No car looks as cool as yours does, Ruk.............


----------



## Too Many Projects (Nov 15, 2008)

geeteeohguy said:


> No car looks as cool as yours does, Ruk.............


:lol:
Those Redlines look nasty with the Gold wheels. It should have the thin white line....:cool

It will be interesting to see what they bring. Nothing I could ever hope to afford.


----------



## 68greengoat (Sep 15, 2005)

I like Ruk's much better. Not fond of Gold......


----------



## Rukee (Feb 8, 2007)

Thanks guys, I'd like to see the two of them side by side myself......






...like in my garage!!!


----------



## 68greengoat (Sep 15, 2005)

No kidding. If for nothing else, the kaching factor.........


----------



## Eric Animal (Oct 28, 2007)

Rukee said:


> That car looks almost as cool as mine!


 ALMOST:cheers


----------



## VettenGoat (Jun 19, 2007)

Yea this will be a good one to watch. I gotta say though, I'm a little......a lot disappointed in the prices the Goats are pulling down. Forget the Mopars, even the Cameros and moderately optioned Mustangs are pulling in more than Goats. I don't get it.


----------



## Rukee (Feb 8, 2007)

VettenGoat said:


> Yea this will be a good one to watch. I gotta say though, I'm a little......a lot disappointed in the prices the Goats are pulling down.
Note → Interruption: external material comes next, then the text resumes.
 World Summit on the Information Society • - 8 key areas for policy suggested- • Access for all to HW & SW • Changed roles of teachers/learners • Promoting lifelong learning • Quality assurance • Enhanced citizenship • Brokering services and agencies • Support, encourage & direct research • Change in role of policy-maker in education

Forget the Mopars, even the Cameros and moderately optioned Mustangs are pulling in more than Goats. I don't get it.


Every car has it's day and the GTO's day is yet to come.  :cheers


----------



## sixeightGTO (Jan 25, 2010)

VettenGoat said:


> Yea this will be a good one to watch. I gotta say though, I'm a little......a lot disappointed in the prices the Goats are pulling down. Forget the Mopars, even the Cameros and moderately optioned Mustangs are pulling in more than Goats. I don't get it.
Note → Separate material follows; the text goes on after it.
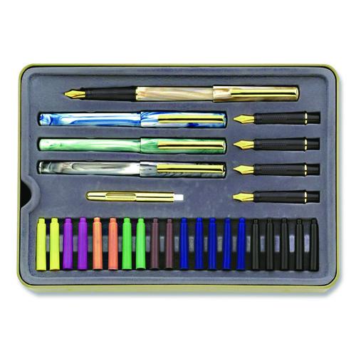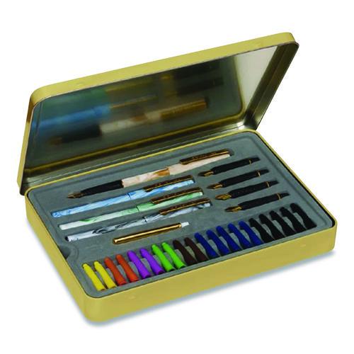 Master the Art of Calligraphy with Staedtler®. This comprehensive set contains everything you need to learn and develop your copperplate calligraphy skills and Spencerian penmanship. In addition to the pens, this versatile set includes a fountain-pen instructions guide, a step-by-step lettering workbook with a practice pad for honing your skills, a full set of interchangeable fountain-pen nibs, a liquid-ink pump and an assortment of liquid-ink cartridges in a range of colors. Delivering enhanced ergonomics, its included nibs also feature rubberized grips for writing comfort. A sturdy and attractive metal case keeps the whole set together, ensuring easy storage and convenient portability.

I understand your point completely but on the other side I am kinda glad it is this way. Makes it more affordable and possible to get your hands on one. It is nice to own a little piece of automotive history and a cool car all wrapped into one.


----------



## Gran Turismo (Jan 12, 2010)

I disagree with the notion of mustangs and camaros fetching more money than GTOs' Alot of people are pricing so called muscle cars of all brands at high figures on the strength of Bona fide muscle cars which do command big money. The varied options on GTOs alone makes it sometimes hard to define value.
True definintion of a factory muscle car when correctly defined will be a highly diserable car and so will be highly valued no matter which brand.
Rare and performanced optioned GTOs / Pontiacs with provenance etc.. are expensive cars but are few and far between and seldom for sale' so the high prices are not marketed around.
The million dollar mopar auction results make people think that their 318 column shift mope must be worth a bomb, the band wagon story' but in reality this doesnt happen.
The important factor is there are GTOs and GTOs and values will vary greatly.


----------



## geeteeohguy (Feb 2, 2008)

In the part of the country where I live, GTO's have always brought less money than the more common, cheaper and IMO, inferior Chevrolet products. Chevelles, Camaros, and Novas were more affordable back in the day, so more people bought them then, and more people are nostalgic for them now because of this. Also, Chevrolets are cheap and cost-effective to repair and hop up. Not to slam Chevy, because I appreciate all performance cars, but they were not in the same class as the GTO when new. (or the Olds 442, for that matter). They cost much less because of this. The MOPAR thing I'll never understand. I stayed away from them in the day because the window cranks fell off, they wandered all over the road, and the doors wouldn't stay shut. I've owned and operated them. Great drivetrains. Terrible paint, fit and finish, interiors, and everything else compared to a GM (or Ford) product. The Mustangs will always be popular, In 1965, they made something like 550,000 of them. That's more Mustangs in one model year than all the GTO's produced in the TEN years from '64--'74. Popularity= lots of cars, remembered by LOTs of people (now 40 years older) who want to restore and drive those popular cars today. Which makes me ask: Where are all the restored Renault Dauphines??? We had one, and it seemed everybody else did too!!!!!


----------



## Too Many Projects (Nov 15, 2008)

geeteeohguy said:


> Which makes me ask: Where are all the restored Renault Dauphines??? We had one, and it seemed everybody else did too!!!!!


Right here waiting for you, Jeff....









Bring 'er back to life.....:willy:


----------



## Gran Turismo (Jan 12, 2010)

:agree with the story on mopars' Ive owned quite a few. Drivetrains really well designed and strong, 383 motor not so good for power had 340s that would blow doors off 383s. Some great body designs also but the rest of the cars qualities
Pontiacs IMO were the best in the sixties for a world class performance car' in all respects. Ive owned alot of muscle and exotic autos. I had an 70 bullnose with a hi po built 455, 4 spd BW manual, posi, etc..
and a 69 Plymouth RR with built 440, column shift auto. You couldnt compare the two in performance the Pontiac was a hands down better car. The mope was like hand cart on wheels. But yet I still like the ethos of them.:cheers


----------